Effects of irrigation frequency and nitrogen fertilizer rate on water stress, nitrogen uptake, and plant growth of container-grown Rhododendron

Authors: Scagel, Carolyn; BI, GUIHONG - Mississippi State University; FUCHIGAMI, LESLIE - Oregon State University; REGAN, RICHARD - Oregon State University

Submitted to: HortScience
Publication Type: Peer Reviewed Journal
Publication Acceptance Date: 8/31/2011
Publication Date: 12/1/2011
Citation: Scagel, C.F., Bi, G., Fuchigami, L.H., Regan, R.P. 2011. Effects of irrigation frequency and nitrogen fertilizer rate on water stress, nitrogen uptake, and plant growth of container-grown Rhododendron. HortScience. 46(12):1598-1603.

Interpretive Summary: The influence of irrigation frequency (same amount of water per day given at different times) and nitrogen (N) fertilizer rate on water stress, N uptake, and growth (biomass) of container-grown evergreen Rhododendron 'P.J.M. Compact' and ‘English Roseum’ and deciduous Rhododendron ‘Gibraltar’ was evaluated. Both N-deficiency and high N rate increased water stress. Altering irrigation frequency changed either the availability of N in the growing substrate or the ability of roots to absorb N. Transitory increases in plant water stress altered N uptake, N use, and plant form without detectable changes in total plant biomass. Decreasing the frequency of irrigation increases water stress of container-grown Rhododendron and plants grown with high rates of N fertilizer are more susceptible to water stress, particularly when plant water requirements are highest due to growth and environmental conditions.
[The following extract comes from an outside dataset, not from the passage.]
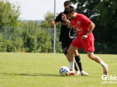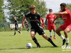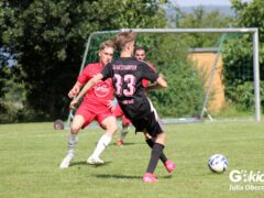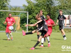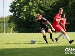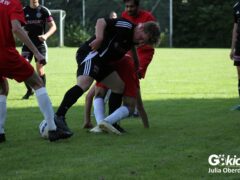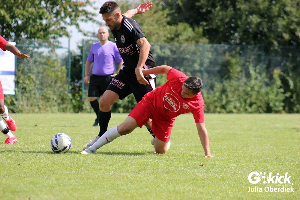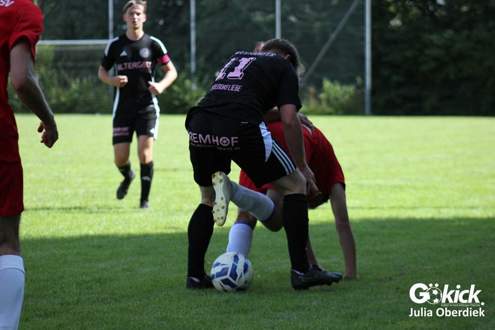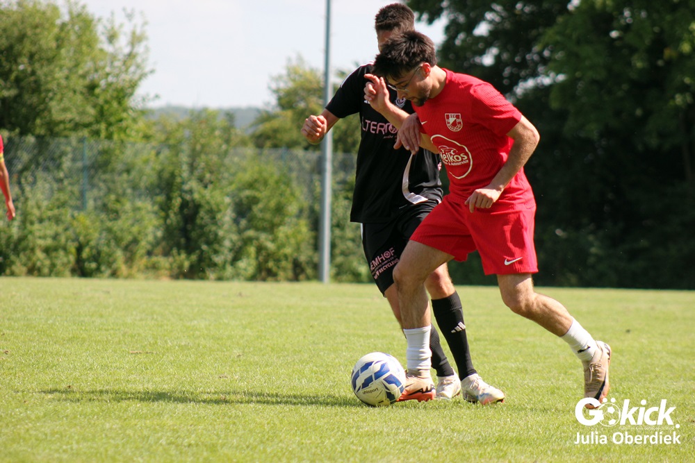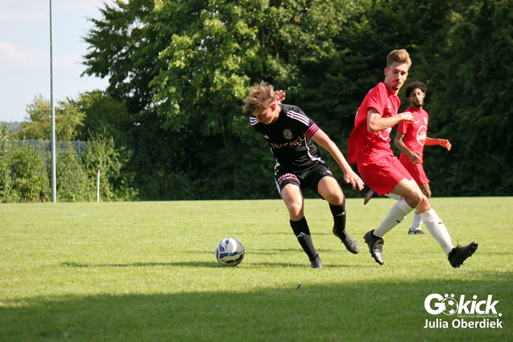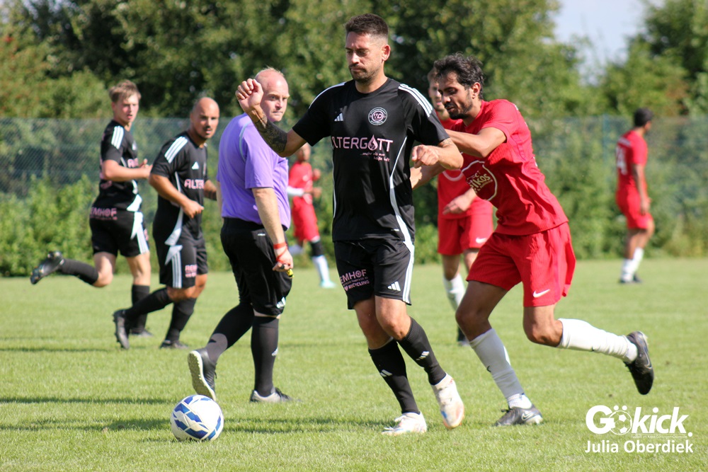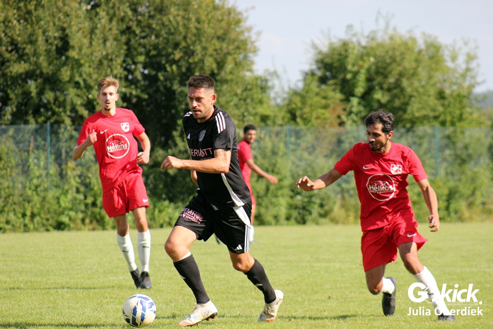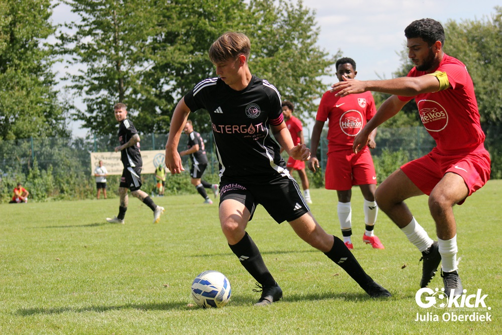 Die Westdörfer begannen druckvoll und setzten den Neuling früh in der eigenen Hälfte fest. Dennoch dauerte es bis kurz vor der Pause, ehe der Bann brach: In der 41. Minute vollendete Hoch einen präzisen Angriff zur verdienten Führung.

Technical Abstract: The influence of irrigation frequency (same amount of water per day given at different times) and nitrogen (N) fertilizer rate on water stress (stomatal conductance, gs), N uptake, and growth (biomass) of container-grown evergreen Rhododendron ‘P.J.M. Compact’ and ‘English Roseum’ and deciduous Rhododendron ‘Gibraltar’ was evaluated. Both N-deficiency and high N rate increased water stress. Water stress was greatest in plants fertilized with the highest N rate and gs of plants grown with the higher N rates was more sensitive to water deficits resulting from irrigation treatments and seasonal climatic changes. Watering plants more frequently decreased water stress of plants fertilized with higher N rates and altering irrigation frequency had little impact on alleviating water stress of N-deficient plants. Increasing irrigation frequency decreased N uptake efficiency (N uptake per g N applied), increased N use efficiency (growth per g N uptake) and altered biomass allocation with little influence on total plant biomass. Response of biomass allocation to N rates was similar among cultivars and response of biomass allocation to irrigation frequency varied among cultivars. Altering irrigation frequency changed either the availability of N in the growing substrate or the ability of roots to absorb N. Our results indicate that transitory increases in plant water stress can alter N uptake, N use, and plant form without detectable changes in total plant biomass.